Hagel and Brown conclude their article by answering the questions: “What does all of this mean for business executives?” and “What lessons can business executives take from these edge innovation programs?” They write:
To transform the core, start at the edge. For many executives, when core business activities require fundamental change, the strong instinct is to embark on massive organizational changes. These organizational transformations rarely succeed. An alternative path is to start on the edge and move back into the core over time. By engaging the edge first, it is often possible to find innovative leaders with energy and passion to try new approaches. Inertial forces are weaker on the edge because there are fewer entrenched interests.
Demographic edges are a deep source of energy and creativity. New generations of workers are coming into companies wanting to make a difference. Innovation and change critically depend on tapping into this energy and creativity. Senior executives need to find more effective mechanisms to connect with the younger generation within their workforce and inspire them with the opportunities for achieving change.

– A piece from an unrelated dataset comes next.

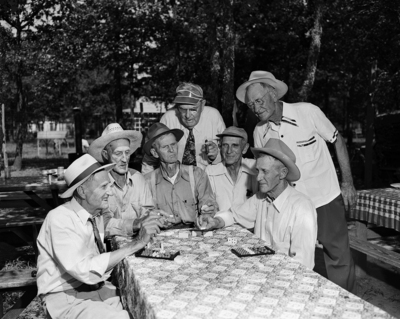 Walton's Convening Here - Seven Walton brothers, who with their families are holding a reunion at Eagle Mountain Lake, are, left to right, S. E. of Odessa, Zack of Goree, W. B. of Kopperl, O. R. of Brownsville (standing), Oscar R. of Fort Worth, A. J. of San Diego, California (standing) and O. L. Walton of Fort Worth.
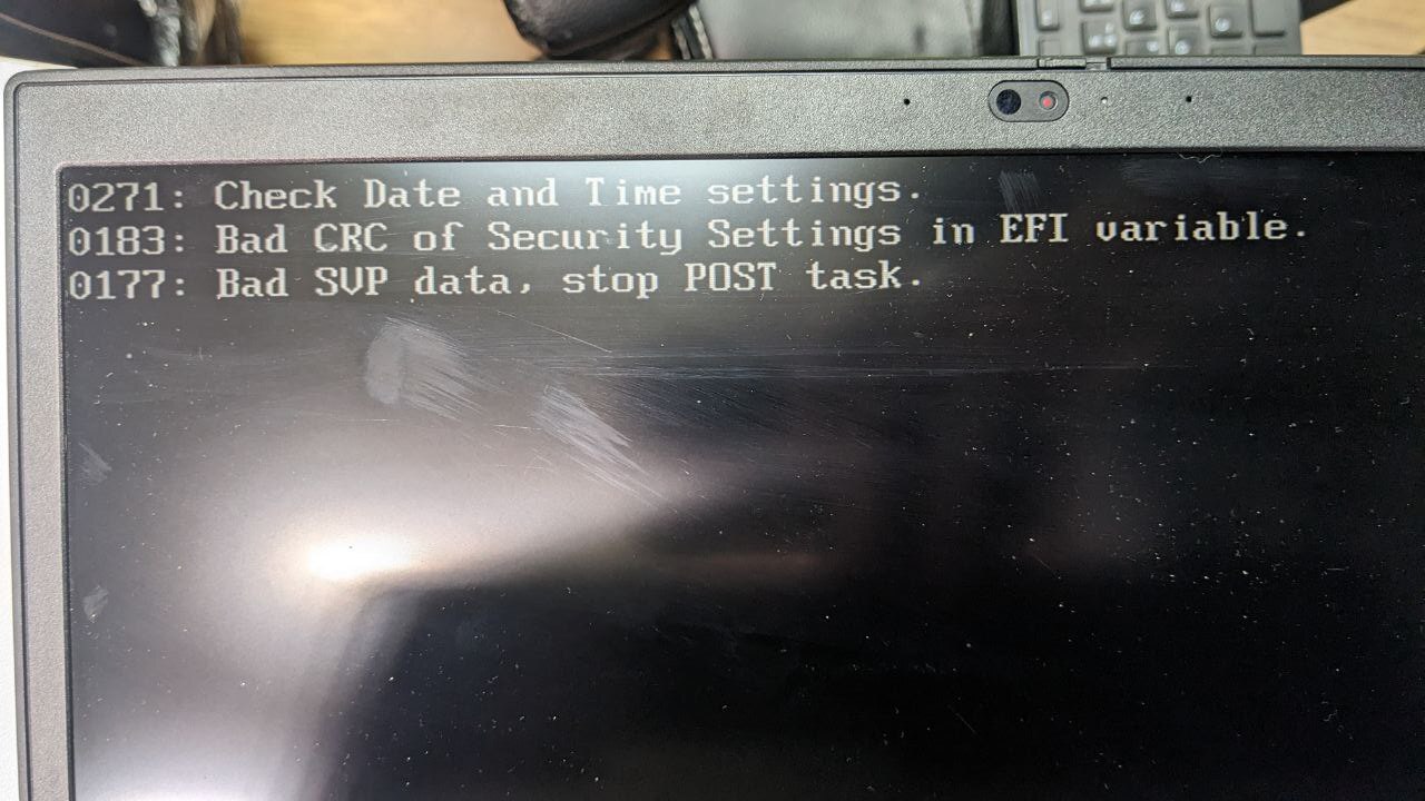 now on every boot up I'm getting error​ 0183: Bad CRC of Security Settings in EFI variable. Press F1 to enter Setup. Then if I press F1 it asks me for a supervisor password. I can't get pass this and boot or go into bios anymore. e.

Innovation is not just about ideas, it is about impact. Too often, discussions on innovation focus narrowly on idea-generation. From our experience, idea-generation is rarely the bottleneck. Survey any large company and you’ll find a multitude of big ideas are percolating at various levels of the organization. The key is how to make these ideas more visible, how to mobilize support for the most promising ideas, and how to scale the development and deployment of the ideas.

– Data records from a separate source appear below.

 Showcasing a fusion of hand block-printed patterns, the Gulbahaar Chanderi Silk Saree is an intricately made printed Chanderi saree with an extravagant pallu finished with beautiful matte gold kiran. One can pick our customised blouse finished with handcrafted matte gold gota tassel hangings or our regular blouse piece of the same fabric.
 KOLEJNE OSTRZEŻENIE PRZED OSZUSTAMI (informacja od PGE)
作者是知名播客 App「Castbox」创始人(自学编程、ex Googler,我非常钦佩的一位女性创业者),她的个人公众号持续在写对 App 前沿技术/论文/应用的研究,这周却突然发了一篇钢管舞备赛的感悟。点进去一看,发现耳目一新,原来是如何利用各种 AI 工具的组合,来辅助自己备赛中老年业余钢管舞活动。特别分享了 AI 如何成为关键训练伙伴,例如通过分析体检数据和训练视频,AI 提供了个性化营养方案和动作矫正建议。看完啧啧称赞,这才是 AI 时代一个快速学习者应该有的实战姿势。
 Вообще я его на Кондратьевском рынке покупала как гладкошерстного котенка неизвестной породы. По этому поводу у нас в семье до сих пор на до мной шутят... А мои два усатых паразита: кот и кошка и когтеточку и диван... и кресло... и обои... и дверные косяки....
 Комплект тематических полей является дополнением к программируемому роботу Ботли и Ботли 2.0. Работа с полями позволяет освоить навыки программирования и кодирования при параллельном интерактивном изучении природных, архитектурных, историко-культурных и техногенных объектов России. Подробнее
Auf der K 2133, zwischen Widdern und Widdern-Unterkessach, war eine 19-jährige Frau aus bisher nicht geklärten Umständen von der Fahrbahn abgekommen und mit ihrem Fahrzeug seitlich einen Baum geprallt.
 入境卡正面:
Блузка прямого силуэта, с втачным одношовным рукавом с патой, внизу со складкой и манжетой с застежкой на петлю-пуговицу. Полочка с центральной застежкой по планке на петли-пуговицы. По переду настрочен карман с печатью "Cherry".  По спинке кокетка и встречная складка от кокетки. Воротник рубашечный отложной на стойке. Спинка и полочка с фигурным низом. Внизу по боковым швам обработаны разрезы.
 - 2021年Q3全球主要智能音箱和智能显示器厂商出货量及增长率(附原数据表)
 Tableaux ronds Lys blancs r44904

Achieving results requires making connections across multiple edges. Enormous resources are available to drive innovation, but they are fragmented and isolated within various disciplinary and institutional silos. A common theme of the innovation initiatives led by Berkeley students has been the need to inventory relevant resources and find creative ways to connect these resources. The challenge has been to move well beyond the academic institution itself and find creative ways to connect with entrepreneurial talent in companies and nongovernmental organizations (NGOs) of various types around the world. By bridging the edges that define our daily lives, we may indeed change the world.

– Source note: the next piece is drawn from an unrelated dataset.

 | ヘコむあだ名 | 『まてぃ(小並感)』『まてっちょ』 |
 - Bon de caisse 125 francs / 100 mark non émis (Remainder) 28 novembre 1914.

One of the reasons that I have found working in Iraq so exciting is that it is work at the edges of globalization. That work also demands that you work with people in numerous sectors to create holistic solutions to the problems that exist. As I’ve written before, innovation is a combination of ideas and implementation. An unimplemented idea is simply an unfulfilled dream. There are a lot of dreamers in the world. There are not quite as many doers. The beauty of the program at the University of California Berkeley is that it is helping create a generation of doers.